Manufacturer Narrative
(b)(4). If information is provided in the future, a supplemental report will be issued.
 
Event Description
When asked for the cause of the 4 ml volume discrepancy and symptoms following refill, the site replied, "yes because 4ml misses this 4ml gave him this symptômes. " when asked if "4 ml misses" meant that 4 ml was injected into the pocket, the site again replied, "yes because 4ml misses this 4ml gave him this symptômes. ".
 
Manufacturer Narrative
If information is provided in the future, a supplemental report will be issued.
 
Event Description
Additional information was received from an hcp. A filling of the intrathecal pump was performing according to the protocol in force; this was done under ultrasound to identify the filling site. After 45 minutes, the patient became drowsy and had high blood pressure. The risk for the patient was described as a hemodynamic impact on the patient as well as hospitalization. Precautionary measures included a call from the head doctor and placement of a venous line on the patient.
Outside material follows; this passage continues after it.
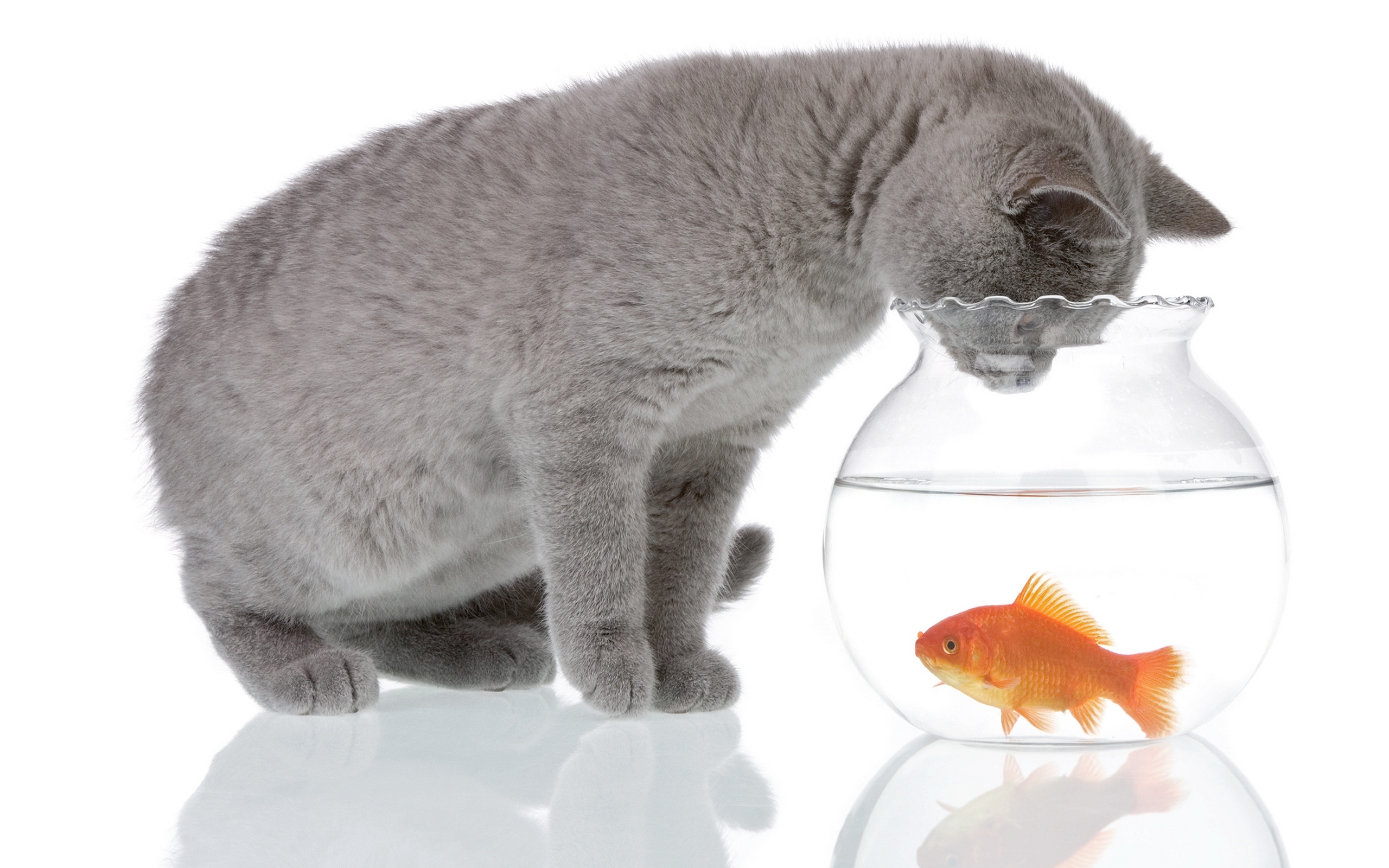 Edytor tapety: Szary, Kotek, Akwarium, Rybka

It was stated the "patient falls asleep," but could be woken up by the sound of voice. The patient was put on oxygen. The patient experienced bradycardia. The pump was stopped, and the patient was transferred to the intensive care unit (icu). The patient was treated for the low blood pressure and low heart rate. It was reported the "pump is empty: 4 cc of the 40 cc is missing, i. E. 4800 mcg around the pump (the patient receives 620 mcg of clonidine intrathecally /day). " the pump was refilled and restarted. The patient was under supervision until the following day, the date on which they left the ward.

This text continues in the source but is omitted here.